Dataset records

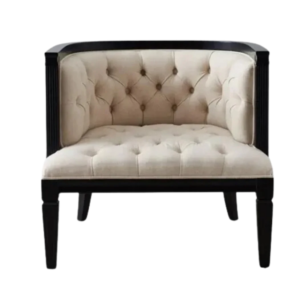 The Sienna Lounge Chair shows a beautiful mix of jet black wood and soft beige fabric. The rich black frame outlines the soft tufted seat, which creates a stylish two-color look that fits well in both modern and classic homes. This strong color match highlights the bold design of the chair. The black side panels, seat frame and legs match nicely with the calm beige color, which gives the chair a balanced and elegant look for living rooms. The dark polished wood also adds a soft shine that makes the chair look even better. This two-color style makes it easy for the chair to fit into both dark and light-colored rooms.
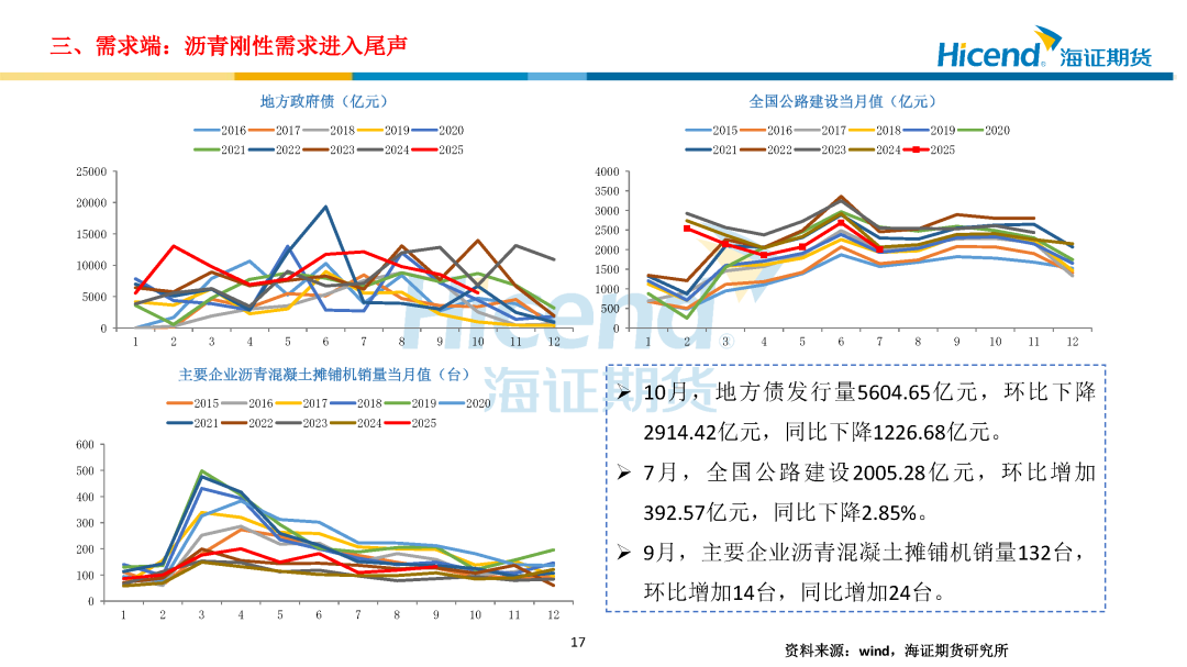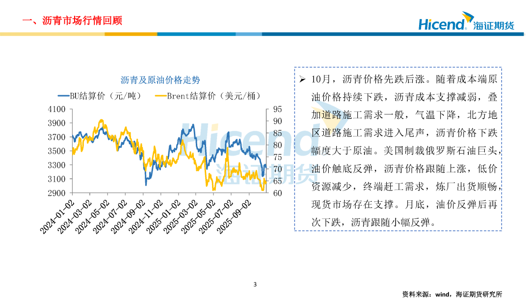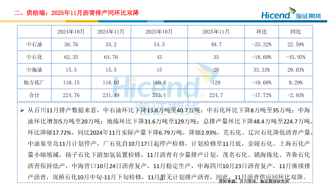 沥青:11月沥青排产同环比双降,需求季节性走弱
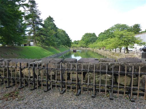 彦根城の堀を遊覧船が走っている。
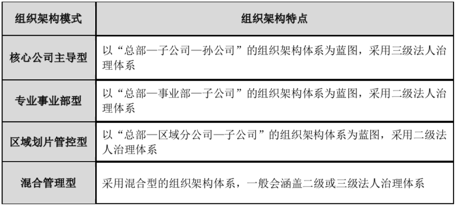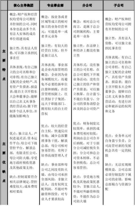 該組織架構(gòu)模式兼有子集團(tuán)、子公司、事業(yè)部等多種不同的二級企業(yè)組織形式,具有較強(qiáng)的兼容性與靈活性,適合對下屬業(yè)務(wù)進(jìn)行差異化管理。
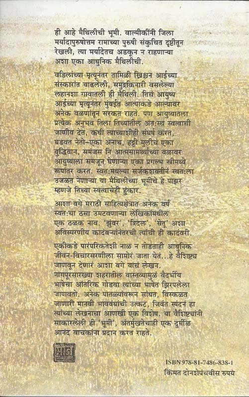 ही आहे मैथिलीची भूमी. वाल्मीकींनी जिला मर्यादापुरूषोत्तम रामाच्या पुरूषी संकुचित दॄष्टीतून रेखली, त्या मर्यादेतच अडकून न राहणा-या अशा एका आधुनिक मैथिलीची. वडिलांच्या मॄत्यूनंतर तमिळी ख्रिश्चन अईच्या संस्कारांत वाढलेली, समुद्रकिनारी वसलेल्या लहानशा गावातली ही मैथिली. तिचं आयुष्य आईच्या मॄत्यूनंतर मुंबईत आत्याकडे आल्यावर अनेक वळणांवर सरकत राहतं. पण आयुष्यातला प्रत्येक अनुभव तिला तिच्यातील अंत:स्थ स्वत्वाची जाणीव देत, कधी त्याच्याशीही संघर्ष करत, घडवत नेतो-एका अनाथ, हट्टी मुलीचं एका बुद्धिवान, समंजस नि आत्मसामथर्याच्या वळावर आयुष्याला समजून घेणा-या एका प्रगल्भ स्त्रीमध्ये रूपांतर करत. स्वत:मधल्या सर्जकशक्तीनं स्वत:ला उजळत नेणा-या या मैथिलीच्या भूमीचे हे पाझर म्हणजे तिच्या स्वत्वाचेही हुंकार. आशा बगे मराठी साहित्यक्षेत्रात अनेक वर्षं स्वत:चा ठसा उमटवणा-या लेखिकांमधील एक ठळक नाव. ’झुंबर’, ’त्रिदल’, ’सेतू’ अशा अविस्मरणीय कादंब-यांनंतरची त्यांची ही कादंबरी. एकीकडे पारंपारिकतेशी नाळ न तोडताही आधुनिक जीवन-विचारसरणीला सामोरं जाता येतं... हे वैशिष्टय जाणवून देणारं आशा बगे यांचं लेखन. नागापूरसारख्या शहरांतील वास्तव्यामुळं वैदर्भीय भाषेचा आंतरिक गोडवा त्यांच्या भाषेत झिरपलेला जाणवतो. अनेक पातळयांवरून सांधत, विस्कळत जाणारी मानवी भावबंधांची उत्कट, जिवंत स्पंदन हा त्यांच्या लेखनाचा आणखी एक विशेष. या वैशिष्टयांनी सोकारलेली ही ’भूमी’, अंतर्मुखतेचाही एक दुर्मीळ आनंद वाचकांना प्रदान करत राहते.

• **What you are asked to do**
Restate each entry word for word, please, but drop any images it holds.

• **Your response**
 The Sienna Lounge Chair shows a beautiful mix of jet black wood and soft beige fabric. The rich black frame outlines the soft tufted seat, which creates a stylish two-color look that fits well in both modern and classic homes. This strong color match highlights the bold design of the chair. The black side panels, seat frame and legs match nicely with the calm beige color, which gives the chair a balanced and elegant look for living rooms. The dark polished wood also adds a soft shine that makes the chair look even better. This two-color style makes it easy for the chair to fit into both dark and light-colored rooms.
 沥青:11月沥青排产同环比双降,需求季节性走弱
 彦根城の堀を遊覧船が走っている。
 該組織架構(gòu)模式兼有子集團(tuán)、子公司、事業(yè)部等多種不同的二級企業(yè)組織形式,具有較強(qiáng)的兼容性與靈活性,適合對下屬業(yè)務(wù)進(jìn)行差異化管理。
 ही आहे मैथिलीची भूमी. वाल्मीकींनी जिला मर्यादापुरूषोत्तम रामाच्या पुरूषी संकुचित दॄष्टीतून रेखली, त्या मर्यादेतच अडकून न राहणा-या अशा एका आधुनिक मैथिलीची. वडिलांच्या मॄत्यूनंतर तमिळी ख्रिश्चन अईच्या संस्कारांत वाढलेली, समुद्रकिनारी वसलेल्या लहानशा गावातली ही मैथिली. तिचं आयुष्य आईच्या मॄत्यूनंतर मुंबईत आत्याकडे आल्यावर अनेक वळणांवर सरकत राहतं. पण आयुष्यातला प्रत्येक अनुभव तिला तिच्यातील अंत:स्थ स्वत्वाची जाणीव देत, कधी त्याच्याशीही संघर्ष करत, घडवत नेतो-एका अनाथ, हट्टी मुलीचं एका बुद्धिवान, समंजस नि आत्मसामथर्याच्या वळावर आयुष्याला समजून घेणा-या एका प्रगल्भ स्त्रीमध्ये रूपांतर करत. स्वत:मधल्या सर्जकशक्तीनं स्वत:ला उजळत नेणा-या या मैथिलीच्या भूमीचे हे पाझर म्हणजे तिच्या स्वत्वाचेही हुंकार. आशा बगे मराठी साहित्यक्षेत्रात अनेक वर्षं स्वत:चा ठसा उमटवणा-या लेखिकांमधील एक ठळक नाव. ’झुंबर’, ’त्रिदल’, ’सेतू’ अशा अविस्मरणीय कादंब-यांनंतरची त्यांची ही कादंबरी. एकीकडे पारंपारिकतेशी नाळ न तोडताही आधुनिक जीवन-विचारसरणीला सामोरं जाता येतं... हे वैशिष्टय जाणवून देणारं आशा बगे यांचं लेखन. नागापूरसारख्या शहरांतील वास्तव्यामुळं वैदर्भीय भाषेचा आंतरिक गोडवा त्यांच्या भाषेत झिरपलेला जाणवतो. अनेक पातळयांवरून सांधत, विस्कळत जाणारी मानवी भावबंधांची उत्कट, जिवंत स्पंदन हा त्यांच्या लेखनाचा आणखी एक विशेष. या वैशिष्टयांनी सोकारलेली ही ’भूमी’, अंतर्मुखतेचाही एक दुर्मीळ आनंद वाचकांना प्रदान करत राहते.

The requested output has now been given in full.